* _WHAT YOU HAVE TO DO_
Before writing anything, find the line that contains "たしかにどのヤシもまっすぐに", then retype the entries below exactly from their first line through that one, without pictures.

* _DATA TO EXAMINE_
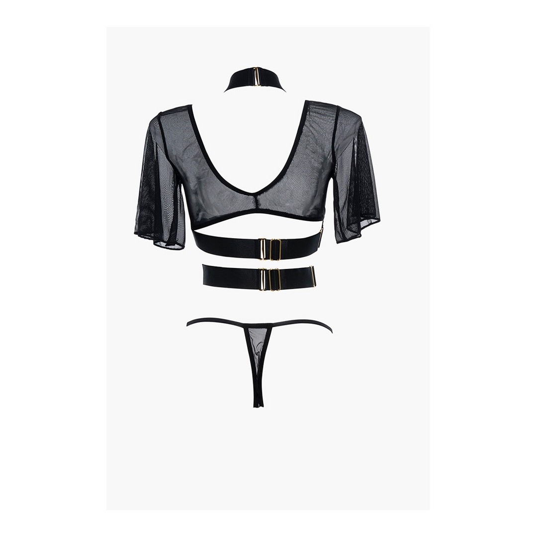 Unabashed design of teasing pleasing, offers minimal coverage with maximum results. The sheer mesh top is fused with edgy thick strapping to make this a shockingly sexy yet whimsical piece. Adjustable back hook opening. Comes with a sheer mesh thong.
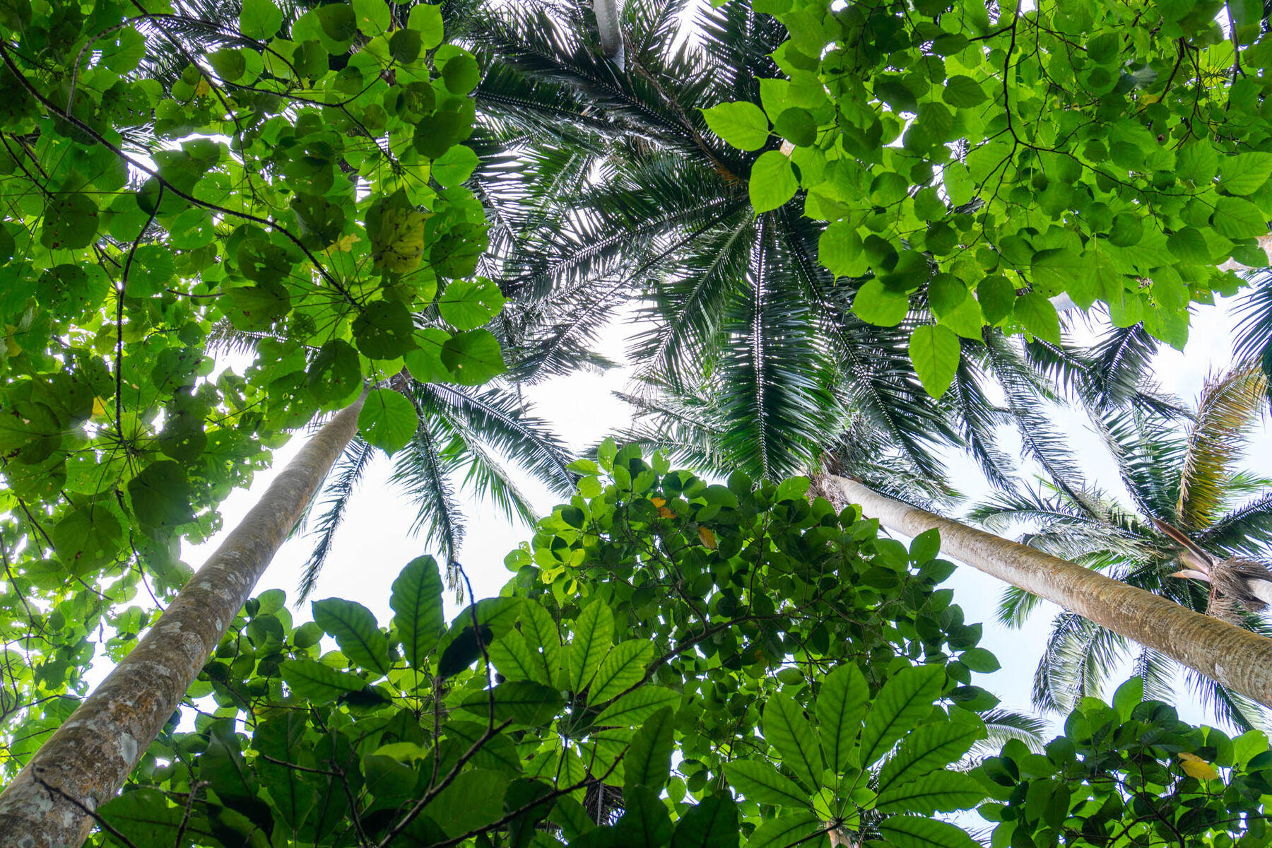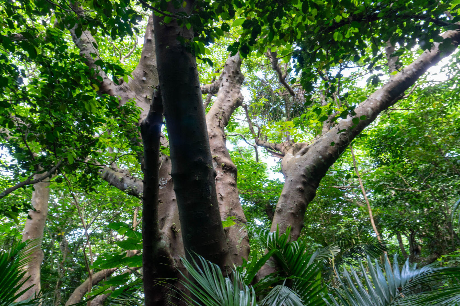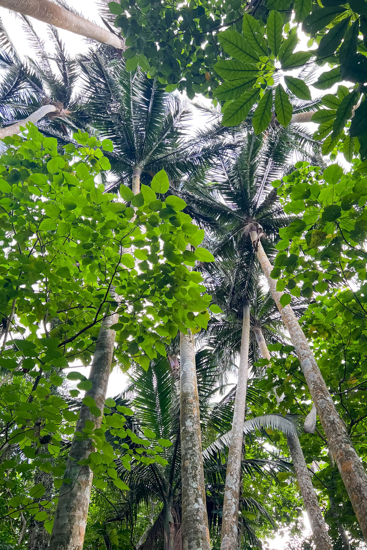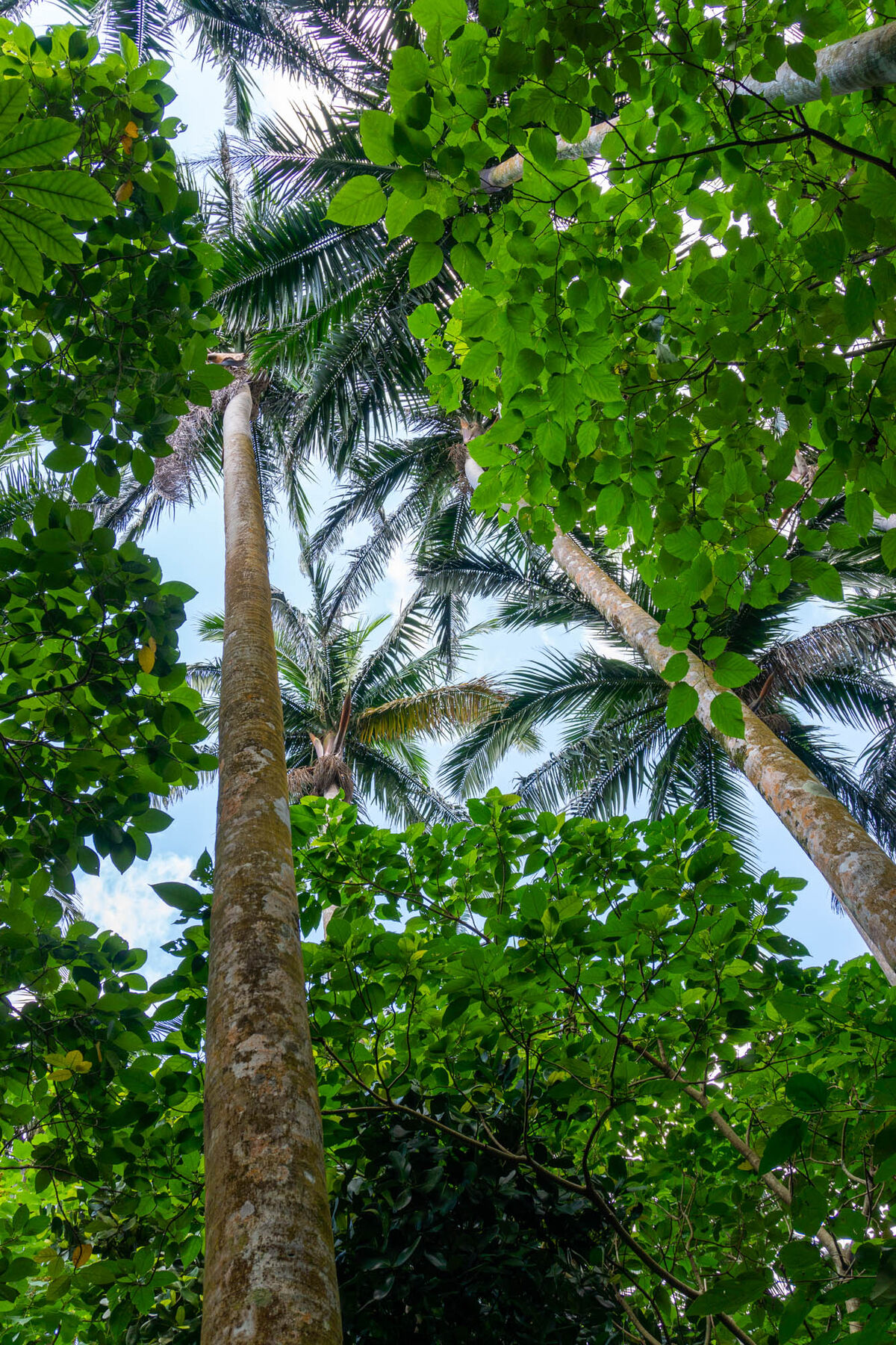たしかにどのヤシもまっすぐに伸びていて、てっぺんの葉の部分までは枝が1本もないですね…!なんとも不思議。
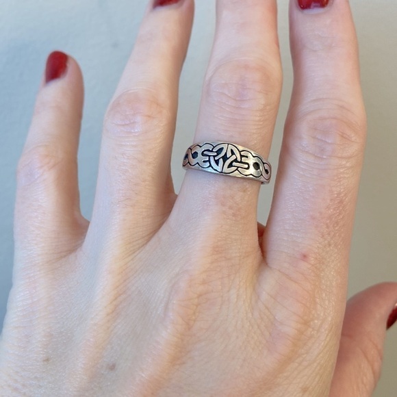 Beautiful Sterling Silver Ring with Tribal style accents. Stamped 925. Has been polished with a silver cloth. Cute boho style ring. Excellent condition!
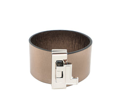 - LIA Spring Hinge Bracelet bronze leather and palladium finish metal.
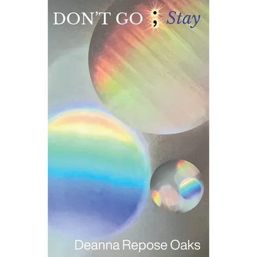 Written from the depths of darkness while listening to an inner voice, Deanna Repose Oaks isn't challenging you to "Don't Go; Stay". Instead, you witness her challenge herself, first with selfish tenacity, then with reluctant vulnerability. Everyday things such as calendars, revolving doors, movie matinees, and kitchen sinks transform into greater hope and deeper understanding of her ever-changing darkness with its ebb and flow.
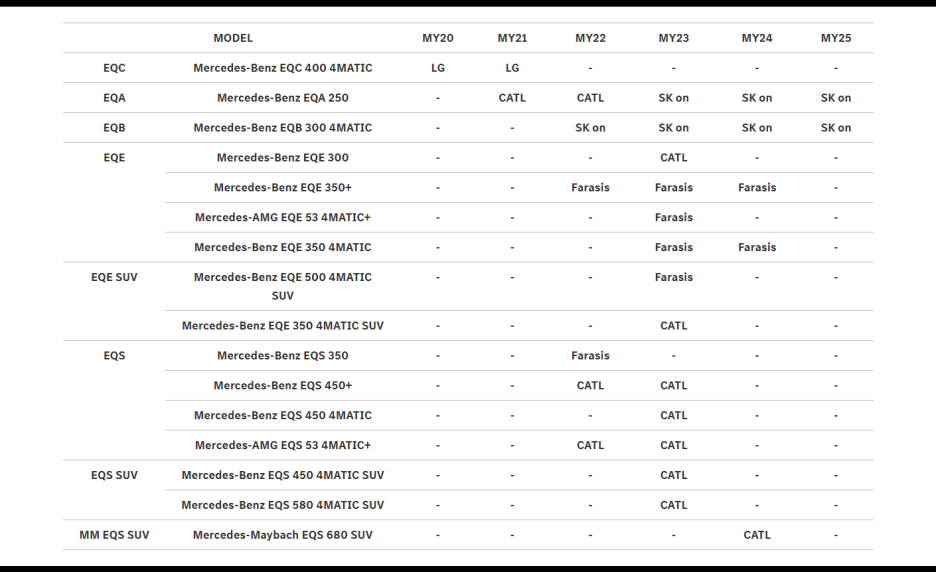 벤츠 EQE 중에선 ‘300′ 트림(세부 모델)만 CATL 배터리. ‘350+’ ‘AMG 53 4M+’ ‘350 4M’에는 파라시스 배터리가 탑재됐습니다. 또, EQS는 ‘350′에는 파라시스 배터리가 탑재됐지만, 나머지 트림에는 CATL 배터리가 탑재됐습니다. EQE SUV에선 ‘500 4M’은 파라시스, ‘350 4M’은 CATL 배터리가 사용됐습니다. 또, EQC는 LG에너지솔루션, EQB는 SK온 배터리만 탑재됐다. EQA는 연식에 따라 CATL와 SK온 배터리가 다르게 탑재됐습니다.
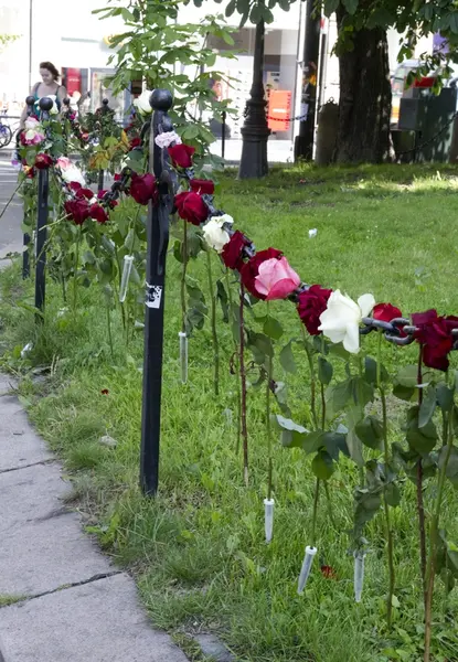 Bildet er del av en serie som følger opp fotodokumentasjonen som ble gjort av Norsk Folkemuseums fotograf, Anne-Lise Reinsfelt, i etterkant av terrorhandlingene i Oslo og på Utøya 22. juli 2011. Hennes bildeserie "Sorg i det offentlige rom" viser mangfoldet av blomster, lys, dikt, bilder, gjenstander og hilsener som folk la ut i Oslos gater. Dette bildet er tatt i forbindelse med ettårsmarkeringen for disse hendelsene.

* _WRITTEN ANSWER_
 Unabashed design of teasing pleasing, offers minimal coverage with maximum results. The sheer mesh top is fused with edgy thick strapping to make this a shockingly sexy yet whimsical piece. Adjustable back hook opening. Comes with a sheer mesh thong.
たしかにどのヤシもまっすぐに伸びていて、てっぺんの葉の部分までは枝が1本もないですね…!なんとも不思議。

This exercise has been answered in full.